Exercise
Your answer must be an exact copy of the entries below, with no pictures in it.

Material shown
= = = = =

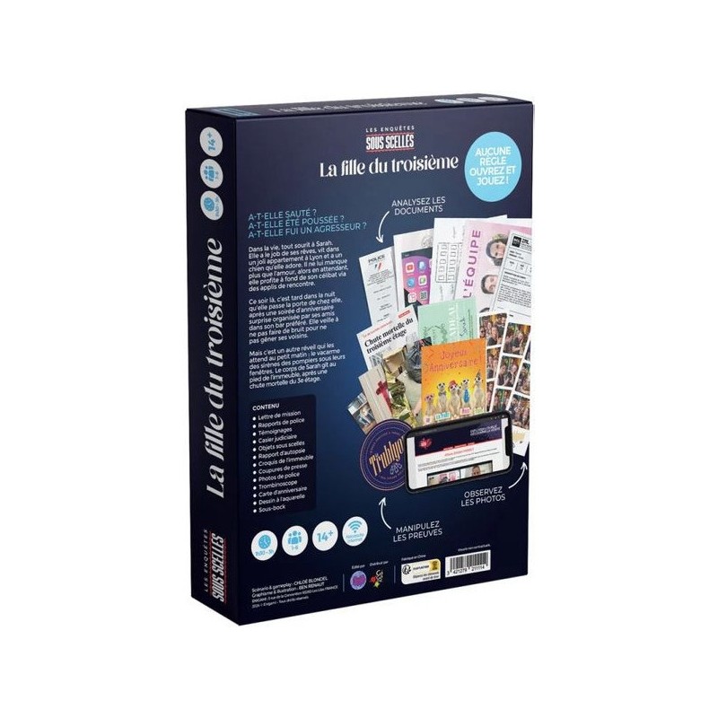La Fille du Troisième est un jeu d’enquête édité par Sous Scellés, qui vous plonge dans une affaire de meurtre mystérieuse. Vous devrez collaborer avec vos coéquipiers pour trouver des indices, interroger des suspects et résoudre des énigmes. Un jeu d’enquête immersif et coopératif pour 1 à 5 joueurs, à partir de 14 ans.
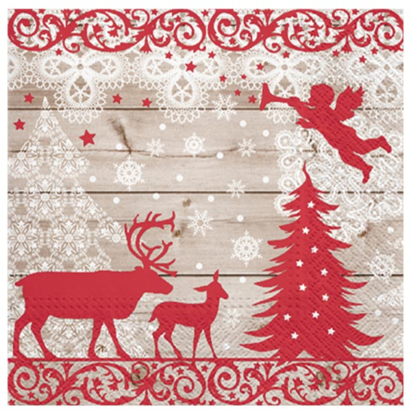 Ubrousky vánoční třívrstvé motivem sobů a anděla 33x33cm
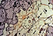 Thin section of interior hornfels of contact aureole showing garnet, cordierite, orthopyroxene in plane polarized light. Presence of orthopyroxene indicates high-grade contact metamorphism.
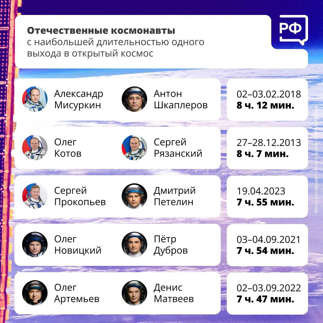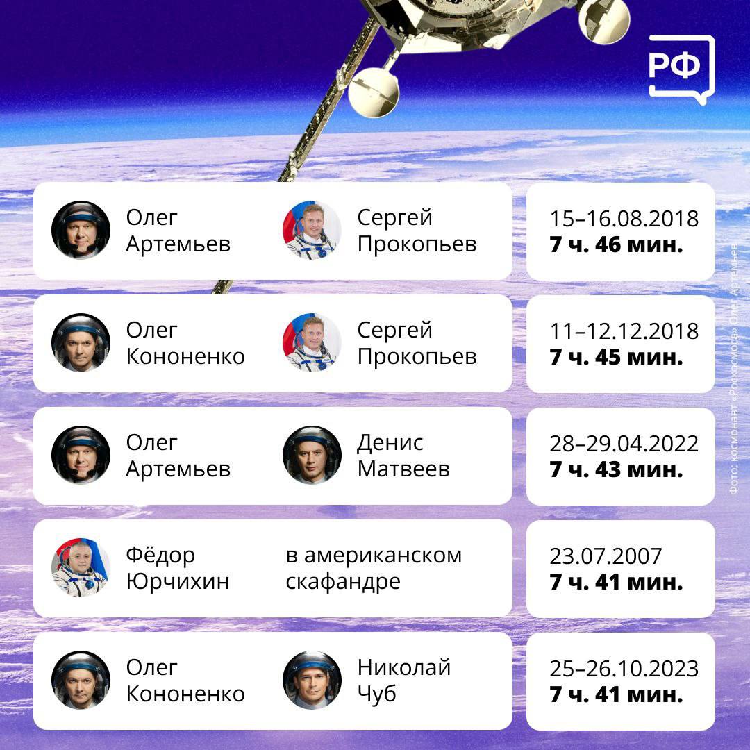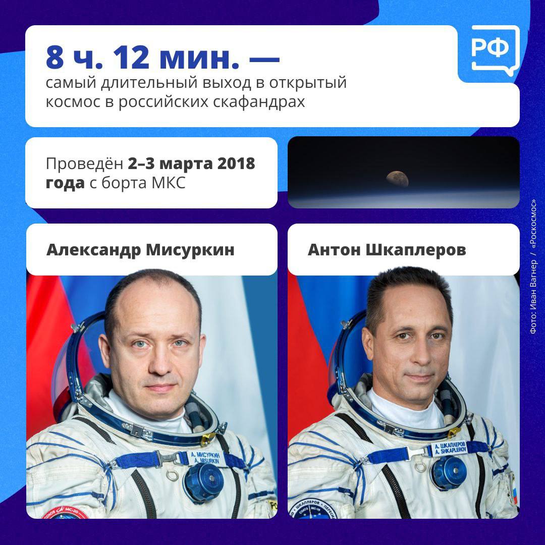 В выходах приняли участие 75 космонавтов СССР и России. Самый длительный выход в открытый космос в российских скафандрах был проведён 2-3 марта 2018 года космонавтами Александром Мисуркиным и Антоном Шкаплеровым с борта Международной космической станции — 8 часов 12 минут.
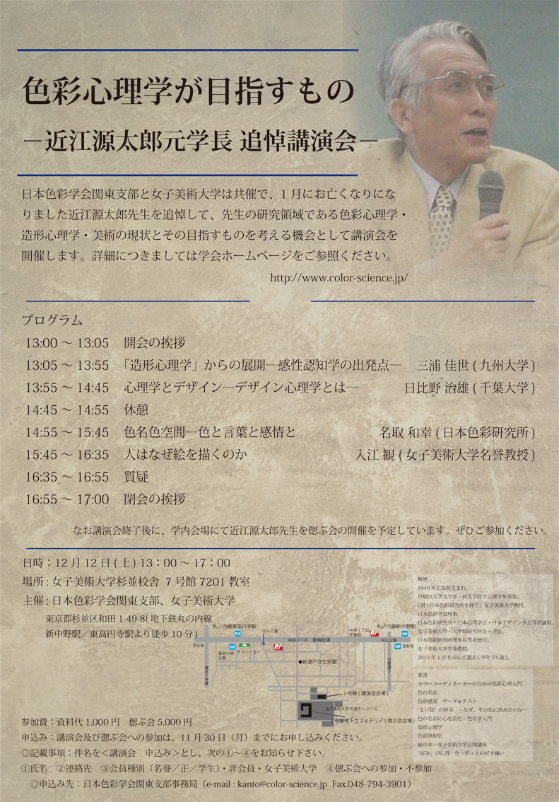 色彩心理学が目指すもの ー近江源太郎元学長 追悼講演会ー2015.11.12
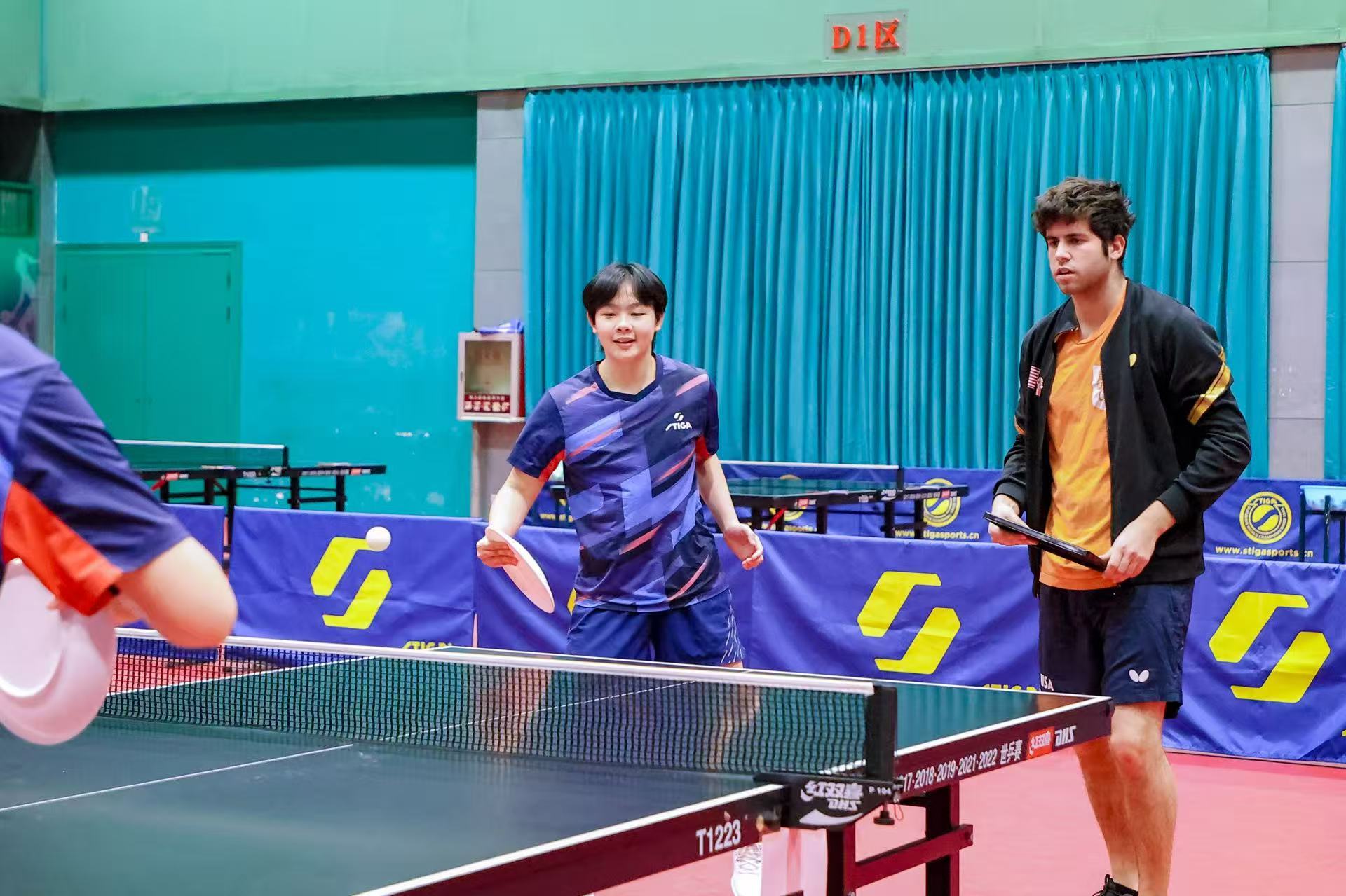 美国乒协注册运动员凯 扎雷宾在正定国家乒乓球训练基地与中国青少年球员开展友谊赛
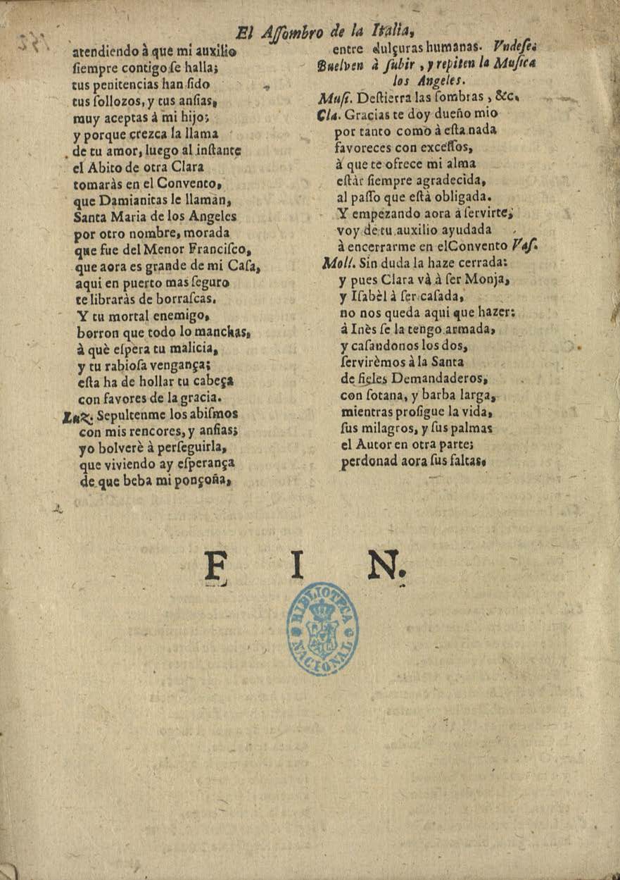 [final:] el Autor en otra parte; / perdonad aora ʃus faltas. / FIN.
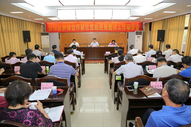 为深入学习自治区党委第七巡视组巡视反馈意见,推动巡视整改工作落地落实,2019年9月24日,区联社党组在二楼会议室召开巡视整改工作动员会。党组成员、理事会副主任、直属机关党委书记谭明同志主持会议。区联社副厅级以上领导,各处室、机关服务中心全体干部职工,各直属企业、院校党政主要负责同志参加了会议。
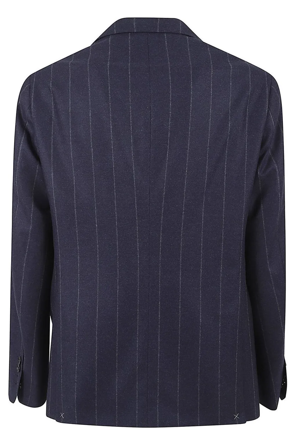 A classic navy pinstripe suit jacket with a notched lapel and two-button closure. Features two flap pockets and a single chest pocket. The jacket is fully lined.
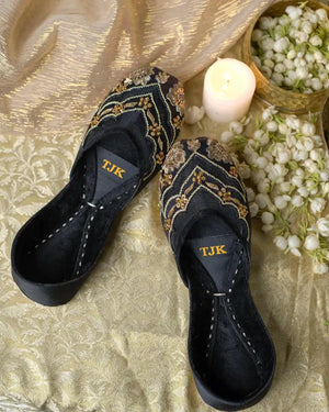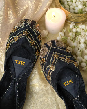 Crafted in classic black, this jutti features intricate gold embroidery and scalloped detailing, exuding sophistication and timeless elegance. Ideal for evening gatherings and festive occasions, it?s the epitome of understated luxury.
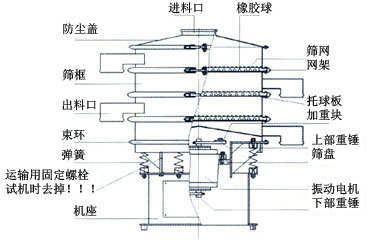 XZS系列旋振篩,由直立式電機(jī)作激振源,電機(jī)上、下兩端安裝有偏心重錘,將電機(jī)的運(yùn)動轉(zhuǎn)變?yōu)樗健⒋怪?、傾斜的三次元運(yùn)動,再把這個運(yùn)動傳遞給篩面。調(diào)節(jié)上、下兩端的相位角,可以改變物料在篩面上的運(yùn)動軌跡。
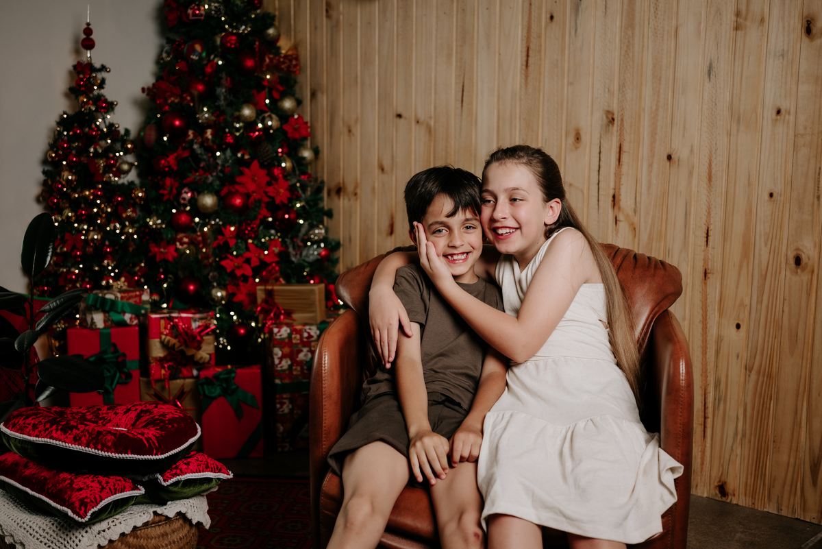 Algumas crianças não passam pelo meu estúdio apenas uma vez. A Alice e o Bento são irmãos que eu fotografo há alguns anos, e vê-los voltar para mais um capítulo da própria história — agora no especial Natal com Afeto — é uma das partes mais bonitas do meu trabalho. Porque quando existe vínculo, a fotografia muda. No dia do ensaio, a Alice e o Bento não chegaram tímidos. Brincaram, riram, se jogaram no colo um do outro e viveram o Natal do jeito que crianças vivem: com espontaneidade, presença e afeto real. E é nesse espaço de confiança que as imagens mais verdadeiras acontecem. O especial Natal com Afeto foi criado para famílias que querem mais do que uma foto bonita. Quando uma família retorna ano após ano, como a da Alice e do Bento, o ensaio deixa de ser um evento isolado e vira parte da história da infância deles. E isso é algo que não se compra. As crianças mudam rápido. Fotografar o Natal em estúdio permite criar uma linha do tempo emocional, onde cada ano revela um novo capítulo. Daqui a algum tempo, essas fotos vão contar muito mais do que como eles eram. Se você está em Gramado, Canela ou na Serra Gaúcha e quer um ensaio de Natal em estúdio que valoriza vínculo, espontaneidade e história, eu vou amar te receber. Me chame no WhatsApp e vamos guardar juntos mais um capítulo da sua família.

= = = = =

Exercise response
La Fille du Troisième est un jeu d’enquête édité par Sous Scellés, qui vous plonge dans une affaire de meurtre mystérieuse. Vous devrez collaborer avec vos coéquipiers pour trouver des indices, interroger des suspects et résoudre des énigmes. Un jeu d’enquête immersif et coopératif pour 1 à 5 joueurs, à partir de 14 ans.
 Ubrousky vánoční třívrstvé motivem sobů a anděla 33x33cm
 Thin section of interior hornfels of contact aureole showing garnet, cordierite, orthopyroxene in plane polarized light. Presence of orthopyroxene indicates high-grade contact metamorphism.
 В выходах приняли участие 75 космонавтов СССР и России. Самый длительный выход в открытый космос в российских скафандрах был проведён 2-3 марта 2018 года космонавтами Александром Мисуркиным и Антоном Шкаплеровым с борта Международной космической станции — 8 часов 12 минут.
 色彩心理学が目指すもの ー近江源太郎元学長 追悼講演会ー2015.11.12
 美国乒协注册运动员凯 扎雷宾在正定国家乒乓球训练基地与中国青少年球员开展友谊赛
 [final:] el Autor en otra parte; / perdonad aora ʃus faltas. / FIN.
 为深入学习自治区党委第七巡视组巡视反馈意见,推动巡视整改工作落地落实,2019年9月24日,区联社党组在二楼会议室召开巡视整改工作动员会。党组成员、理事会副主任、直属机关党委书记谭明同志主持会议。区联社副厅级以上领导,各处室、机关服务中心全体干部职工,各直属企业、院校党政主要负责同志参加了会议。
 A classic navy pinstripe suit jacket with a notched lapel and two-button closure. Features two flap pockets and a single chest pocket. The jacket is fully lined.
 Crafted in classic black, this jutti features intricate gold embroidery and scalloped detailing, exuding sophistication and timeless elegance. Ideal for evening gatherings and festive occasions, it?s the epitome of understated luxury.
 XZS系列旋振篩,由直立式電機(jī)作激振源,電機(jī)上、下兩端安裝有偏心重錘,將電機(jī)的運(yùn)動轉(zhuǎn)變?yōu)樗健⒋怪?、傾斜的三次元運(yùn)動,再把這個運(yùn)動傳遞給篩面。調(diào)節(jié)上、下兩端的相位角,可以改變物料在篩面上的運(yùn)動軌跡。
 Algumas crianças não passam pelo meu estúdio apenas uma vez. A Alice e o Bento são irmãos que eu fotografo há alguns anos, e vê-los voltar para mais um capítulo da própria história — agora no especial Natal com Afeto — é uma das partes mais bonitas do meu trabalho. Porque quando existe vínculo, a fotografia muda. No dia do ensaio, a Alice e o Bento não chegaram tímidos. Brincaram, riram, se jogaram no colo um do outro e viveram o Natal do jeito que crianças vivem: com espontaneidade, presença e afeto real. E é nesse espaço de confiança que as imagens mais verdadeiras acontecem. O especial Natal com Afeto foi criado para famílias que querem mais do que uma foto bonita. Quando uma família retorna ano após ano, como a da Alice e do Bento, o ensaio deixa de ser um evento isolado e vira parte da história da infância deles. E isso é algo que não se compra. As crianças mudam rápido. Fotografar o Natal em estúdio permite criar uma linha do tempo emocional, onde cada ano revela um novo capítulo. Daqui a algum tempo, essas fotos vão contar muito mais do que como eles eram. Se você está em Gramado, Canela ou na Serra Gaúcha e quer um ensaio de Natal em estúdio que valoriza vínculo, espontaneidade e história, eu vou amar te receber. Me chame no WhatsApp e vamos guardar juntos mais um capítulo da sua família.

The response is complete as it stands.